Only through awareness of the areas in which you conform, can you start to strengthen your ability to reason on your own. Take the opposite approach to your peers. Start with the assumption that you are not as much of an individual as you think you are. Deeply examine where your thoughts, beliefs, and assumptions are impacted by everything around you. Be brutally honest with yourself.
It’s one of many reasons why doctors fly from all over the world to meet with me and ask me to fix their practices. They’re really asking me to unlock them from the chains of groupthink, confirmation bias and inaccurate opinions about our profession and its place in society and free markets. Only then can doctors truly grow.

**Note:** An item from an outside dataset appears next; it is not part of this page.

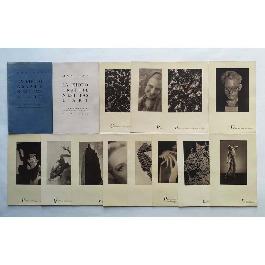 12 fotografías en b/n en hojas sueltas. Prólogo de André Breton. No conserva la camisa original en cartulina negra. Portada y lomo levemente decolorados, por lo demás buen ejemplar. Estuche protector en cartoné

Business school gave me an entirely different view on elective healthcare. It challenged everything I thought I knew about management, strategy, finance, and marketing for health care facilities and procedures. One of the big reasons why I think it had such a profound impact on my ability to help doctors grow their practices quickly is that I was the only audiology practice owner in my business school class. Everyone else had entirely unique perspectives on both simple and complex issues in the business world. Because my professors and classmates weren’t entrenched in audiology groupthink, they helped me see clearly what could be done in our industry. I didn’t need the validation or attention of any other audiologists in order to create massive breakthroughs for my own practices, my clients and now for the profession at-large.
If you rely on your goals, outcomes, and progress to elevate your self-image, you won’t be held hostage to the ideas, attention and approval of others either. If you want to kill the groupthink in your life, this is a great place to start.